A memory_put follows a different path — same entry layer, but the command writes through core::db with optimistic concurrency, fires the FTS5 triggers, enqueues a core::inference chunk-and-embed job, and commits the WAL.

quaid serve is a single async Tokio process. Per-request concurrency is fine; one writer at a time is enforced by SQLite’s WAL semantics. Long-running embedding work happens behind a job queue (embedding_jobs) so the request handler can return promptly.

When the file watcher is enabled, a small notify-based watcher thread observes attached collection roots, debounces edits (QUAID_WATCH_DEBOUNCE_MS, default 1500 ms), and forwards reconcile work to the same backend.

Within memory.db:

  • pages and page_fts form the document store. FTS5 is content-rowid backed; triggers keep it in sync.
  • page_embeddings_vec_<dim> are sqlite-vec virtual tables — one per embedding width. The active model’s table is identified by embedding_models.vec_table.
  • page_embeddings is a metadata join table that maps vec rowids back to chunk text and content hashes for stale detection.
  • links and assertions carry the graph and contradiction detection respectively. Both support temporal validity.
  • knowledge_gaps stores hashes by default; raw text only after explicit approval (see Privacy).
  • collections and file_state track attached vaults and the watcher’s last-seen state.

See Schema for the field-level reference.

The same source tree produces two binaries:

ChannelFeature flagsBinary sizeModel assets
Airgapped (default)embedded-model~180 MBBGE-small embedded
Onlinebundled,online-model~90 MBCached on first use

The MCP server, the CLI, and every command are identical between channels. The only differences are (a) where the model weights come from and (b) whether --model selects a non-default model at runtime.

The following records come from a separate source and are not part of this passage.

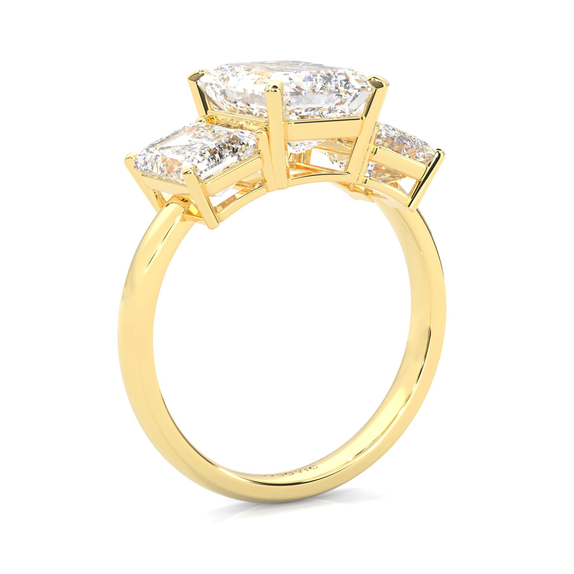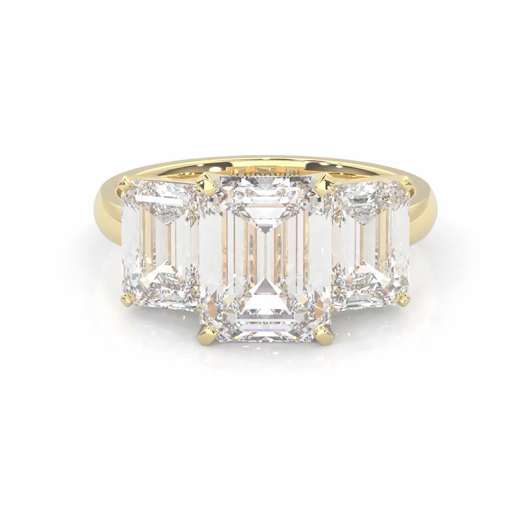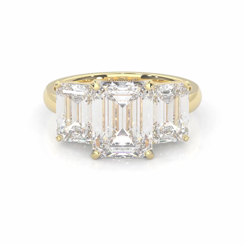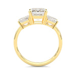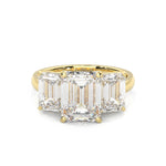 Three Stones Emerald Cut Moissanite Engagement Ring ( Yellow Gold 14K )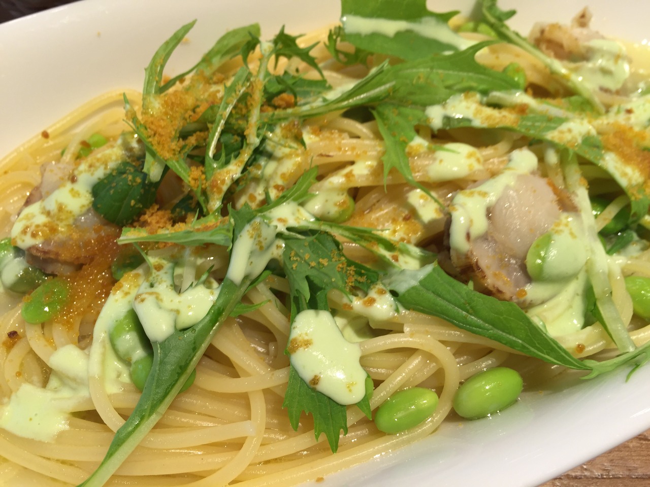 • 黒枝豆とカラスミのアーリオオーリオ ♪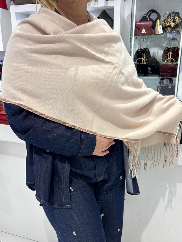 Sciarpa lunga con frange, un classico intramontabile, perfetta per uso giornaliero.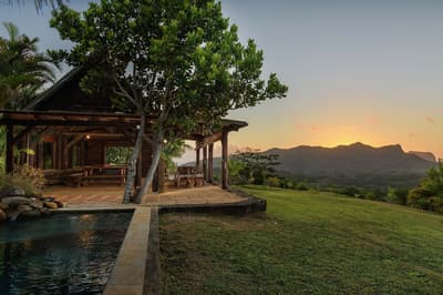 Las de la vie de Palace ? Découvrez l’île Maurice grandeur nature en séjournant à la Vieille Cheminée. Direction Chamarel, charmant village pittoresque du sud-ouest de l’île, souvent cité comme un des plus beaux villages mauriciens. Ici, Dame Nature règne en maitresse absolue. On y vient bien sûr pour sa terre aux sept couleurs, pour ses cascades impressionnantes, mais aussi pour cet art de vivre unique qui règne dans la belle campagne mauricienne. Alors que la route serpente entre champs de canne à sucre et plantations d’ananas et de palmiers, vous arrivez sur le domaine de la vieille cheminée. L’entrée est marquée par les vestiges de l’ancien moulin du village daté du 19eme siècle, quoi de plus authentique ? Vous l’avez compris,votre séjour ne ressemblera en rien à tout ce qu’on vous a raconté de l’Ile Maurice. Ici, pas de bling bling, pas de bar ou boite hyper tendance, mais une véritable immersion dans la vie locale, la vraie…. Il faut dire que la vieille cheminée est avant tout une ferme agricole qui ne produit que des fruits et légumes biologiques. Au fil des années 6 charmants lodges, délicieux bungalows typiquement créoles sont venus s’ajouter. Ajoutons à l’ensemble une petite écurie et vous avez la carte postale idéale de vos vacances à la ferme ! Votre petite maison dans la prairie du bout du monde où vous allez passer des vacances merveilleuses. Pas d’inquiétude, si vous veniez à être en manque de plage, de soleil ou de sable, l’océan est à moins de 15mn avec en prime une vue imprenable sur l’Icône de l’île, sa majesté le Morne Brabant… Alors ? On se laisse tenter par des vacances autrement ?

The design priorities were, in order:

  1. One file you can move. SQLite is the only persistent format that is both a real relational database and a single portable artifact.
  2. Same surface for humans and agents. The CLI exists for ergonomic shell use; the MCP server exists for agents. Sharing the command layer prevents drift.
  3. Local-first compute. Bringing the embedding model into the binary (or, on the online channel, into a one-time cache) means the memory never needs the network.
  4. Thin harness, fat skills. Workflow intelligence lives in markdown skill files (skills/*/SKILL.md), not in code. Editing a workflow is a markdown change, not a release.